Patch on the same: eh
cannot remember my econs

This is what spending the equivalent of 1 1/2 semesters majoring in Economics in Chicago does to you... No wonder NUS is 10th in the world rankings for Social Sciences! So, boys and girls, come to the Premier Institution of Social Engineering!


Someone: i was going through my girlfriend's IE favorites
and guess wot i found?

Me: hahahaha
let me guess
asian prince
steven lim

Someone: YOUR FRIGGIN' QUOTES PAGE, the one that was contributed by ME
you bitch

***

My writing tutor was saying how in an essay you need a thesis, just as how in a movie you need a plot.

I then told a classmate: "Spirited Away".


My sister wrote a paper in 1994 about the difference between the American writing style and the non-American writing style.

She said American essays are like symphonies and sonatas - subject, exposition and then resolution, while non-American essays are like fugues - everything is going on at the same time, but there is an order in there.

***

David's Daily Diversions

"The ban on fox hunting will not stop the killing of foxes. Foxes may still be killed with guns. They are, after all, pests. Until the Labour parliamentary mob completely run all the farmers out of business (and they are working hard at it) foxes will still kill livestock. They just may not be killed by hounds. This will put thousands of hounds out of work.

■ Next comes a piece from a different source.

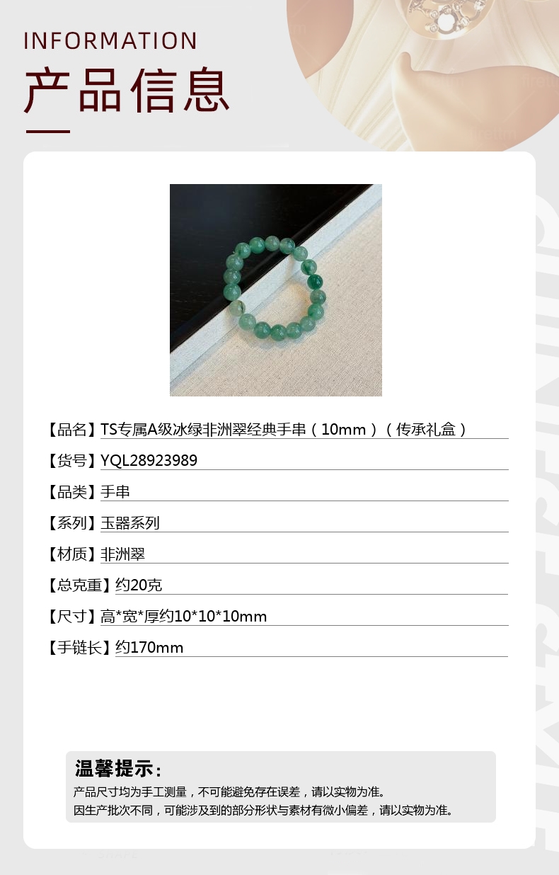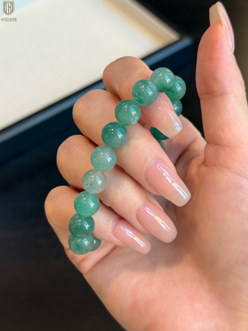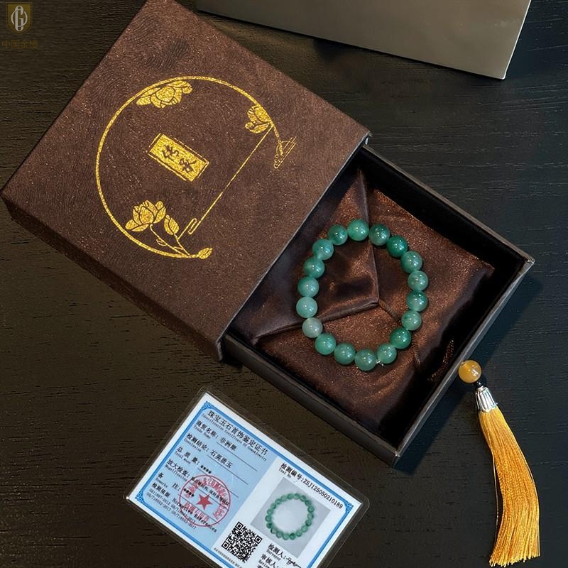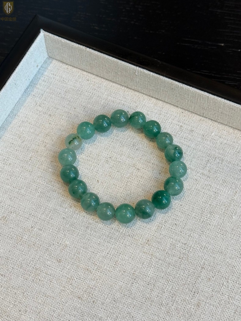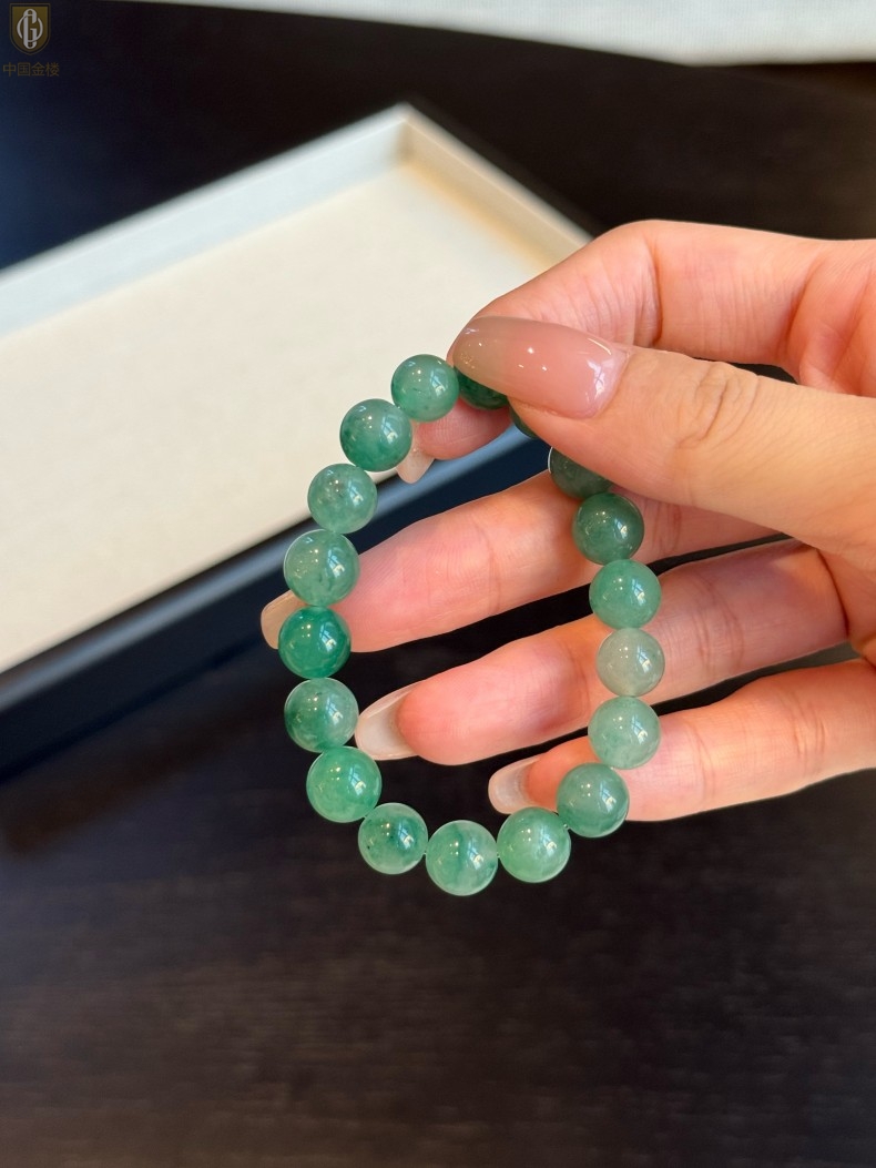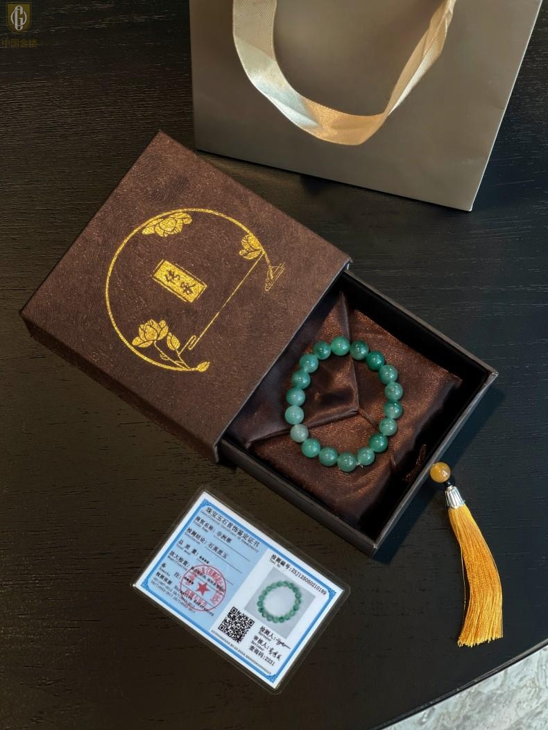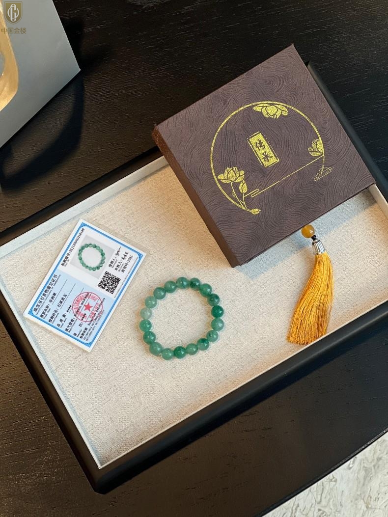 【品名】中国金楼TS专属A级冰绿非洲翠经典手串(10mm)(传承礼盒)

What happens to thousands of hounds out of work? They will have to be put down. So all the foxes will still be killed and now so will the hounds. And what of the jobs that depend on foxhunting? Those people will be at the local Job Centre claiming the tax money paid by the toffs, rather than being paid wages from the toffs. And they will no longer be paying any taxes, since they no longer earn a living."

***

"And no, it's not just your imagination. Underwear companies note that Singapore women are becoming bustier. Five years ago, the average size was 34A. Today, it is 34B." (Ginnie Teo. “Uplift, upsize, upgrade.”, The Straits Times, October 19, 2003)

See? It's not just my imagination! Must be all the bust enhancement treatments Singaporean women are going for.

The essay I'm writing on bust enhancement isn't as fun as I thought it would be (since I have to make it relevant for my purposes), but reading past ST articles on bust enhancement is still helluva amusing.


The ST (which can stand for whatever you want it to stand for) has made up a quote again!

Luther has been quoted as saying: "You are a geek only when you don't have varied interests" when in fact he never said anything of the sort, ie He was not paraphrased, but had words put into his mouth.

I just knew this would happen again. So much for the responsible reporting that we have in a society imbued with Asian Values.

Maybe I should start reading the ST again so I can pick out all these things. Then again I'd rather spend my time more enjoyably and productively finishing Power Rangers Turbo.